But the swirling controversies about 13-year old Jahi McMath, including a video of her parents explaining why they refuse to accept that she is "dead", demonstrate vividly and painfully that it no longer is.
Her parents are not the first to question current medical and legal definitions of when someone is "dead" -- I was involved myself in a very difficult case at my own hospital several years ago.
For Jahi's doctors, it was simple, obvious, and indisputable.
On December 9th, Jahi suffered a major hemorrhage after throat surgery, and despite full life support, including a mechanical ventilator to breathe for her, lapsed into a deep coma. On December 12, doctors confirmed that she had irreversible loss of all brain function (a result of her brain being deprived of oxygen for too long), and in accordance with legal standards for defining and determining death, declared her dead and issued a death certificate.
For Jahi's parents, it was also simple, obvious, and indisputable.
As her mother said, "Her heart is still beating, so there is still life there."
As is typical in "brain death", because of the "life support" machines, including the mechanical ventilator that was breathing for her, the rest of her body, including her heart, had continued to receive oxygen, and so had continued to function. But she was now "legally dead" in accordance with standard "brain death" criteria that are accepted in all 50 states. Normally, all machines are then stopped. With her brain itself not functioning at all, she would not take any breaths on her own, oxygen to her heart would plummet, her heart would stop beating, and her body would be transferred to a funeral home. Her parents, however, refused to accept that, and promptly went to court, which ordered that the mechanical ventilator be continued until the case could be reviewed in more detail.
Until very recently, for all of human history people everywhere could agree about the difference between a living human being and a dead body, or "corpse". We used to refer to someone who is alive as "living and breathing", even though those two words were actually redundant. When someone stopped breathing for more than a few moments, which was usually pretty obvious to everyone around them, they were dead. When breathing stopped, the body had no oxygen, so the heart, the brain, and everything else was either simultaneously, or very soon, "dead". The body then rapidly becomes cold (on TV crime shows, just how cold is a common way that investigators estimate the "time of death"), rigid ("rigor mortis"), and (at least for Caucasians) pale/gray as red blood cells no longer flow through and give color to the skin's surface, and family or others then "dispose" of the "corpse".
Change started on May 28, 1908, when doctors showed that a mechanical ventilator could revive a dog who had been "smothered" and stopped breathing, and presumably was "dead" by conventional standards. The NY Times reported the next day that people "cheered" as the dog then "wagged its tail". An animal that had stopped breathing was no longer clearly "dead".

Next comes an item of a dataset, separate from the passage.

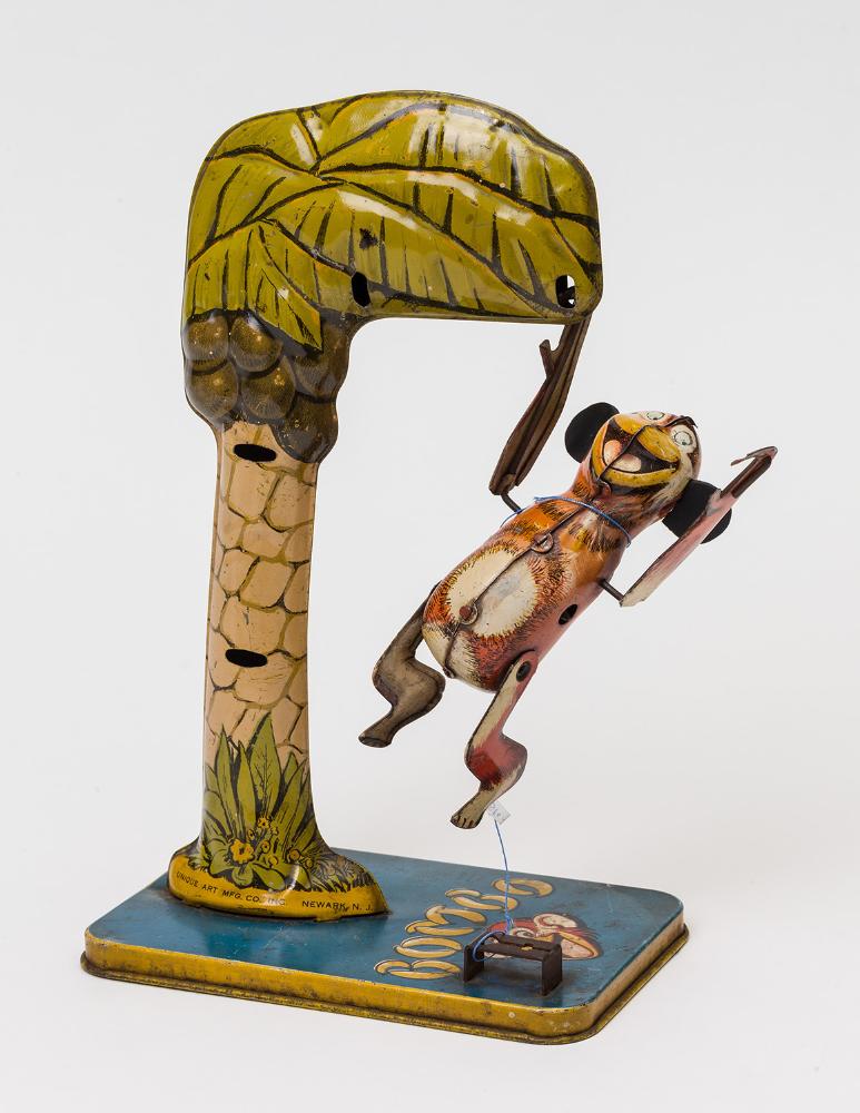 Affe Bombo an einem Baumstamm hängend und sich um die eigene Achse drehend, Uhrwerk

As use of mechanical ventilators became available in the medical care of humans, independent breathing was no longer required for someone to be alive. With the development by James Elars and Peter Safar of CPR in the 1950's, even someone's heart stopping did not mean their "death", since sometimes the heart could be restarted, and the person revived -- brought "back to life". Suddenly, a person whose breathing and heart had both unquestionably stopped was not necessarily "dead".
Construction of "Intensive Care Units" in hospitals then followed rapidly, now constituting nearly 20% of all hospital beds in the U.S. Many of the patients in these units are kept alive with mechanical ventilators supporting their breathing, and with advanced cardiac medications and support systems keeping their hearts beating.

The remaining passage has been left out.